The inabilities described in the question don't strike me as either particularly unusual nor as clear signs of a neurological learning disability. They strike me as more likely the passivity and mental shutdown that one frequently encounters in students who, whether consciously or unconsciously, are hiding a sense of incapacity, inability, confusion, etc.
Many students learn arithmetic operationally, as a series of rules for obtaining an answer, without internalizing the significance of the rules or their outcomes. Such a student neither has the habit of associating some mental model (e.g. the circles) with an arithmetic problem nor in many cases is able to relate such a model, posed by someone else, with the problem at hand.
Often students are not asked to consider whether their answers are reasonable (in some qualitative sense). Often they are rewarded (in grading) for performing certain operations correctly, whether or not the outcome is reasonable (with respect to extra-mathematical considerations). So a student who does not think much about what halfway means might easily obtain an answer that is less than either of the averaged numbers. That's not a sign of a learning disability, it's a sign of someone who hasn't learned how to connect arithmetic operations with common sense (in any case, common sense is mostly learned).
As an innumerate student progresses through the educational system, the psychological need to hide inadequacies becomes stronger and stronger, and the possibilities to correct basic misunderstandings become rarer and more remote. The algebra teacher often won't have time, energy, or inclination to teach arithmetic to a student who supposedly has passed several courses that require knowing arithmetic.
It's an extreme case, but once I taught a fourth year university student who was functionally illiterate (how could such a situation occur? This was in the US, and he was the starting tailback on the football team) and largely innumerate. He was adept at coaxing hints from the teacher, and at concealing his ignorance (of which he was fully and quite self-consciously aware). It took considerable care and effort to develop with him the confidence necessary to deal with the problem openly and honestly.

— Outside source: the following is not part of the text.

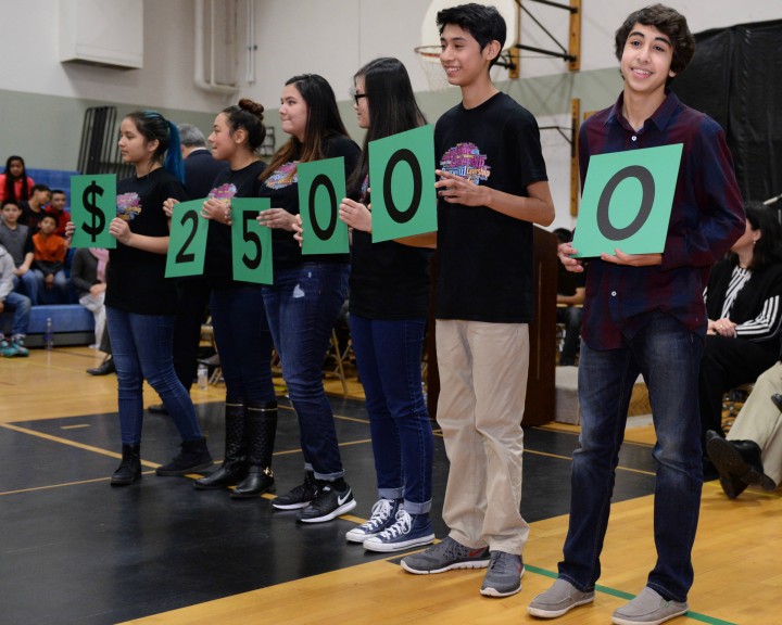 Waldo Middle School | Salem, OR | Jan 06, 2016Waldo Middle School students hold up cards displaying the amount of the cash prize one teacher is about to win: $25,000!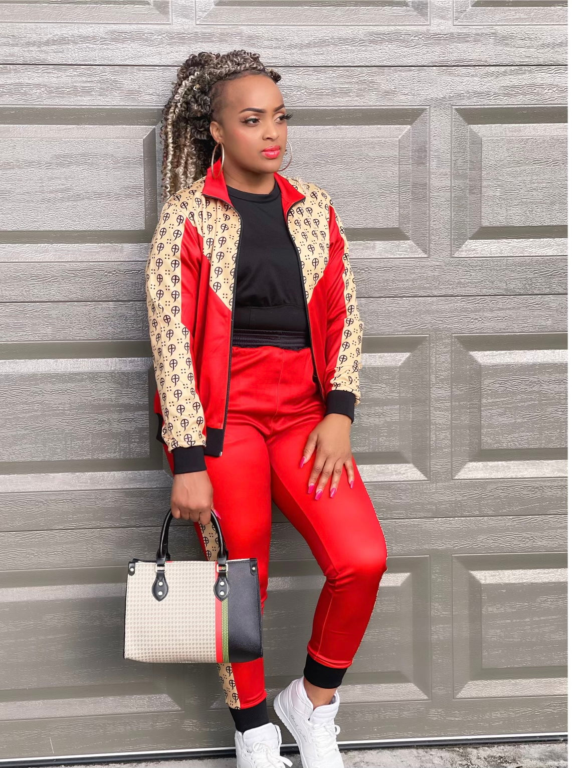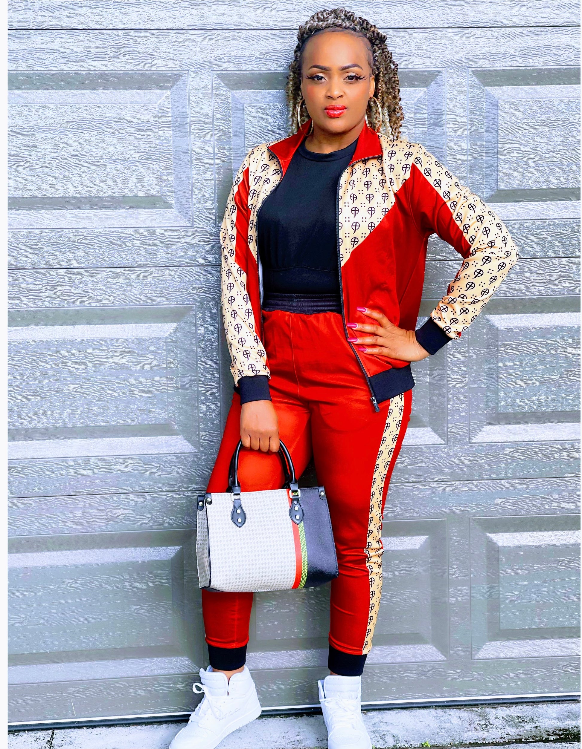 Stripe logo detail on sides to the side of the pants; Fitted cuffs on bottom and jogger top * BAG NOT INCLUDED *

My own suspicion is that far more students have difficulties like this than most teachers care to admit. However, to detect such problems, one needs to interact with such a student personally, individually, and with the confidence sufficient to break down the barriers that prevent honest realization of the psychological obstacles (and the institutional context often makes that difficult or impossible). At the university one experiences that most students who struggle with calculus do so because they don't know basic algebra, even basic arithmetic. (A typical example is that students know that the logarithm and exponential satisfy functional identities, but can't remember if it is $f(xy) = f(x) + f(y)$ or $f(xy) = f(x)f(y)$ of $f(x + y) = f(x)f(y)$ and so guess.) Surely for students struggling in high school mathematics the common difficulty is this sort of inability to relate basic arithmetic to something other than a chain of operations aimed at getting points on an exam.